The 59-year-old living Buddha's comments came days after the Dalai Lama encouraged his followers to "democratically elect" a leader after he dies because he believed that Tibetans should "move with the larger world community."

"Today, it is clear to the whole world that democracy is the best system despite its minor negativities, " the Dalai Lama said in a video clip shown to hundreds of monks, nuns and lay people in the northern Indian hill town of Dharamsala in June 21.

The Dalai Lama has suggested before it is up to Tibetans whether they continue with the spiritual institution after he dies, and could order an election among Tibetans abroad.

Speaking through a Mandarin interpreter, Shingtsa Tenzinchodrak, dressed in traditional Tibetan costume, said the Dalai Lama's latest move was "not based on religious concerns but full of political intention."

"The incarnation of a living Buddha should neither be handpicked by anyone, including the Dalai Lama himself," he said, referring to the Spanish man chosen by the Dalai Lama two decades ago as the incarnation of the deceased Lama Yeshe.

The man, Osel Hita Torres, 24, bemoaned last month his unhappy childhood at a monastery and spoke of his decision to abandon the faith.

Torres made world headlines in 1986 when the Dalai Lama recognized him, then aged 14 months, as the incarnation of Lama Yeshe, who had died in California two years earlier.

He had been brought to see the Dalai Lama in India by his parents and ended up living at a monastery there, where he was only allowed to socialize with others who had been proclaimed incarnations, until he turned 18.
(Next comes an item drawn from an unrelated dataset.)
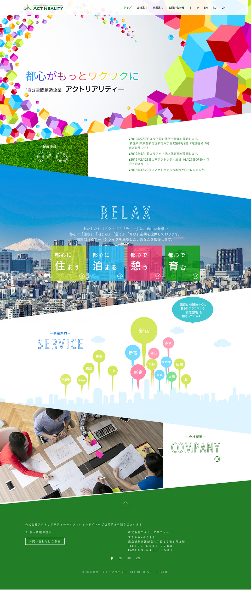 「ワクワクする事業を展開している企業」を表現したい、というご要望から、動き・ポップなカラーで躍動感あるデザインをご提案しました。

"It is a good example to show that if the incarnation is chosen not through religious procedures, problems will arise," said Shingtsa Tenzinchodrak.

"I fully understand the young man," he said. "We should respect his own choice."

Shingtsa Tenzinchodrak was the head of a delegation of five Tibetan deputies to the National People's Congress, the country's top legislature, which visited the United States and Canada in March.